By such an association of the fluid connections to one of the chambers, the fluid is given a flow path. The fluid flows through a fluid connection in one of the chambers and passes along the interruption in the partition into the second chamber. There it flows along the second chamber to a second fluid port and out of the housing. Furthermore, by such a guided flow and the emergence of congestion, which can lead to local temperature increases avoided.

Advantageous developments of the present invention are described in the subclaims and the following description of the figures.

Brief description of the drawings

In the following the invention will be explained in detail by means of embodiments with reference to the drawings.
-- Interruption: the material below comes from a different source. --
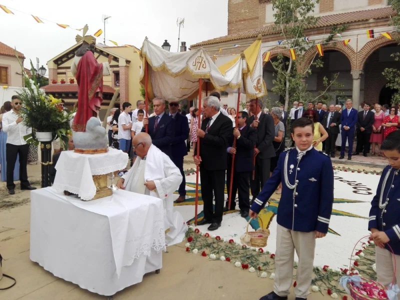 Fue una de las imágenes que dejó este día del Corpus, pero también el olor del tomillo, la custodia que bajo palio fue encaminándose hacia cada uno de los altares con sus alfombras (el primero correspondiente al Ayuntamiento y a la Iglesia, hecho con sal y café, y otros preparados por particulares), donde se escuchaban cánticos y se rezaba el Padre Nuestro, y los ‘enramajes’ que tradicionalmente se colocaban en las casas donde había mozas casaderas.
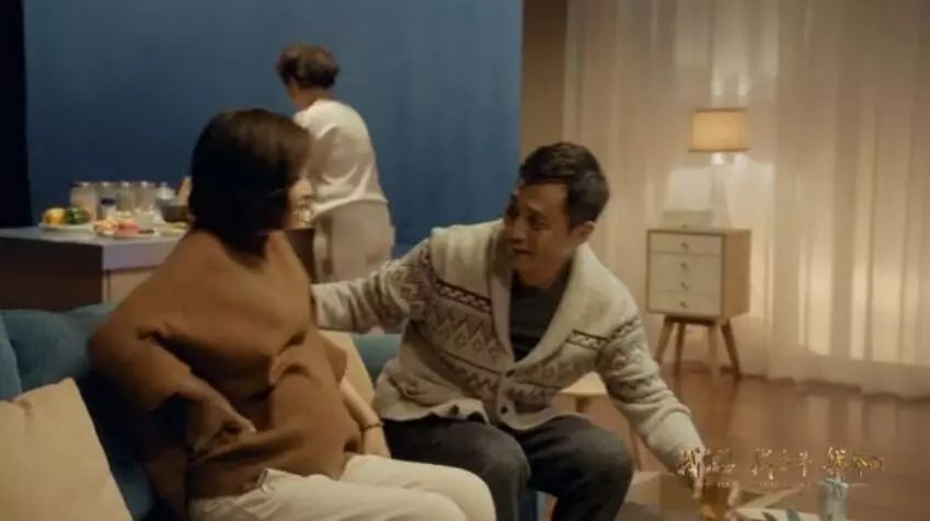 回到現(xiàn)代家庭的生活,人們的飲食、穿著、所用的生活電器都有明顯提升,這與之前八十年代的家庭形成了鮮明的對比。劉燁扶著懷孕的妻子一起坐在沙發(fā)上,妻子隆起的小腹代表著劉燁這個家庭對全面二孩政策的響應。

In the drawings show:

1 a perspective view of a heat exchanger according to the invention, wherein the upper housing part is detached from the lower housing part,

2 a further perspective view of a heat exchanger according to the 1 .

3 a perspective view of a heat exchanger according to the invention, with a multi-part housing, which consists of a trough-like housing lower part and a housing upper part, and

4 a detailed view of the heat exchanger according to 3 , wherein in the interior of the trough-like housing lower part, a plurality of flow guide elements is shown, which are formed partly as rectilinear walls and partly as cylindrical nubs.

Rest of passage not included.